As Environmental Protection Agency Administrator Scott Pruitt prepared to testify to Congress this week, he was facing mounting criticism for a number of alleged ethical violations.
One of the scandals involves Pruitt's low-cost rental of an apartment in Washington, D.C., owned by an energy-industry lobbyist. The administrator also is under fire for reportedly taking questionable taxpayer-funded trips, and retaliating against some of his staffers while giving others unauthorized salary hikes.
Five investigations of Pruitt's conduct are underway. One federal agency has already determined that he broke the law when he spent $43,000 on a soundproof phone booth for his office. The EPA's budget was the official topic for this week's hearings by the House Energy and Commerce Committee's environment subcommittee and a subcommittee of the House Appropriations Committee. However, Pruitt was sure to face scrutiny for the various controversies that have plagued his tenure in President Trump's Cabinet.
“Again and again, Administrator Pruitt has abused his position for personal and political gain, including a sweetheart apartment rental from a lobbyist and a litany of wasteful taxpayer-funded indulgences in first-class flights, personal security, office and official vehicle upgrades, and massive raises for his political friends,” Rep. Paul Tonko of New York, the top-ranking Democrat on the environmental subcommittee, told CNBC. “His subsequent denials and attempts to justify some of these ethics violations seem to have been complete fabrications.” Tonko and three other congressional Democrats urged Republican leaders to require that Pruitt testify under oath.
Even the EPA chief's former Republican supporters are turning against him. Conservative Sen. James Inhofe of Oklahoma has proposed an ethics investigation to examine Pruitt's actions not only in the nation's capital but also while he served as a state senator and attorney general in Oklahoma. Pruitt made a name for himself in the AG's office by repeatedly filing lawsuits against former President Obama's EPA.
“I’ve known him since he was in the state legislature and supported him,” Inhofe said. “These are accusations I did not know anything about. … I want to check and see how authentic the accusations against him are. If they are authentic it could have an effect. But sometimes things are not all that authentic.”
The statement stunned many political observers because Inhofe and Pruitt are kindred spirits on key issues. Both men adamantly deny that carbon emissions and other human activities are responsible for climate change. The senator provided his personal airplane to transport Pruitt to campaign stops and later nominated his friend for the top job at the EPA. Republican strategist John Feehery told the New York Times that “Pruitt is in big trouble” if Inhofe and other former backers abandon him.
So far, Trump has remained steadfast in his support. “Administrator Pruitt has done a good job of implementing the president’s policies, particularly on deregulation; making the United States less energy-dependent and becoming more energy independent,” White House press secretary Sarah Huckabee Sanders told reporters. “Those are good things.
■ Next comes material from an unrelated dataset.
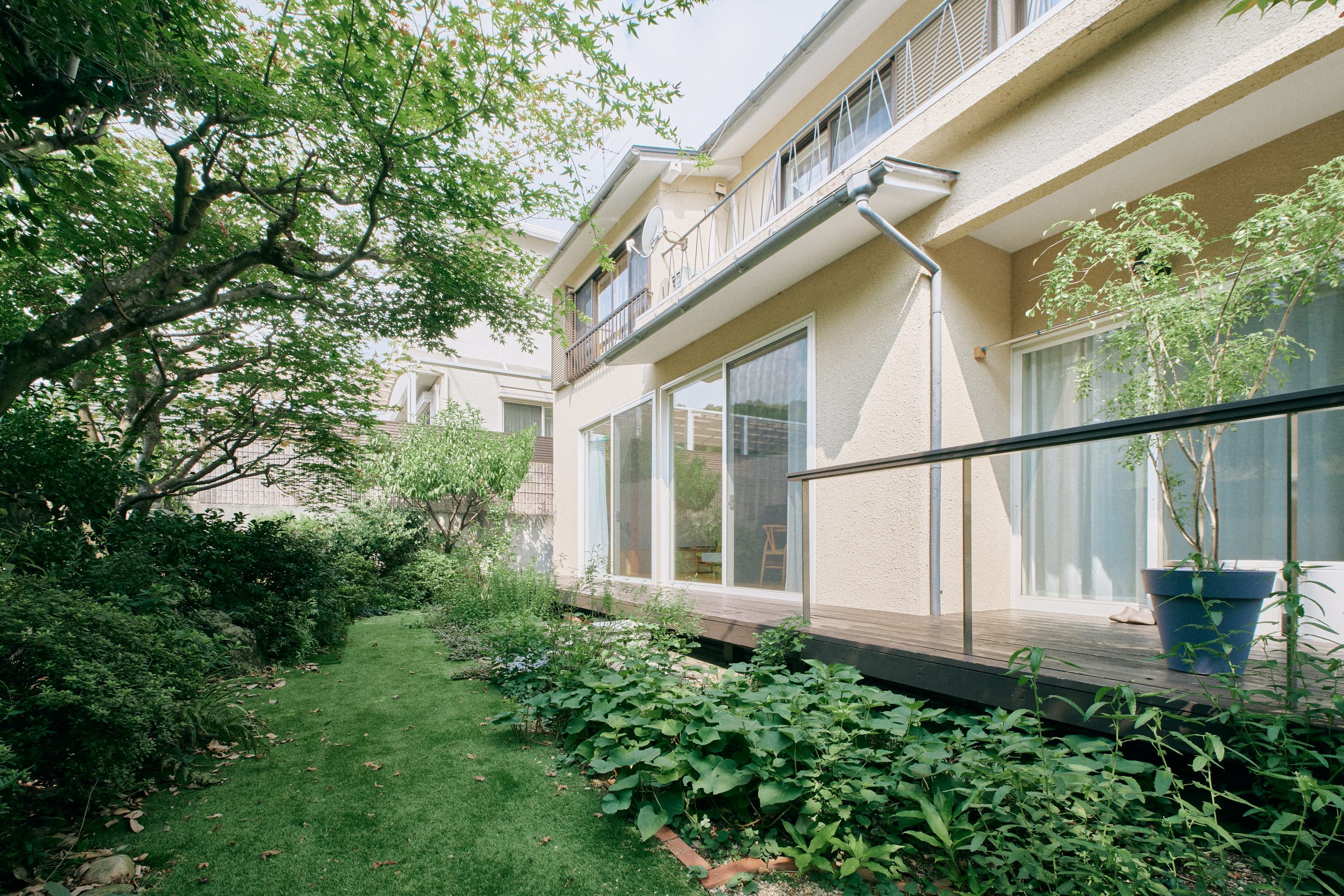 前に住まれていたオーナーさんが植えた木々を引き継いだ庭の風景。「春は新緑が美しく、秋は紅葉がとてもきれいですし、季節の移り変わりとともに、様々な花が咲いていくんです。これだけ樹木が育つには時間がかかりますし、60年かけて手入れされてできあがった庭というのは、やはり楽しい。こういうところは中古住宅の醍醐味ですね。」と波多野さん。

However, the other things certainly are something that we’re monitoring and looking at and I’ll keep you posted.”
Trump remains a Pruitt ally because of the real reason the official should lose his job: the unraveling of the EPA's mandate to safeguard the environment. He has helped the president implement campaign promises to roll back Obama-era regulations regarding clean water, polluted air, and other matters. Pruitt also agreed with Trump's decision to withdraw the United States from the Paris climate agreement.
Recently, Pruitt proposed gutting fuel-efficiency standards that Obama's EPA enacted. The rules were intended to reduce greenhouse emissions, which climate scientists blame for Earth's warming. “This is another step in the president's regulatory agenda, deregulatory agenda ... a billion dollars in savings with respect to over 22 significant regulatory actions that we've been involved in here at the agency," Pruitt boasted.
Previously, the administrator scrapped a Clean Air Act policy concerning the regulation of power plants that spew toxic chemicals. He also has signaled his intention to repeal Obama's Clean Power Plan.
“The administration has been aggressively deregulatory across the board, across agencies, but the EPA stands out even in that crowd,” Georgetown University law professor Lisa Heinzerling told CNN. She was the agency's associate administrator from July 2009 to December 2010. She added: “(Pruitt's) decisions appear to move all in one direction. He's not just limiting himself to one program. Across the agency, he appears to be acting in a uniformly deregulatory way.”
Trump is unlikely to fire Pruitt on policy grounds. After all, he has appointed many top-level officials who are actively working to undermine their agencies' missions. Critics also point to Education Secretary Betsy DeVos, among others. However, Cabinet members apparently do not have to worry about any fallout resulting from their controversial views. Pruitt's eventual departure from the Cabinet will probably be due to his ethical lapses, rather than his anti-environment positions.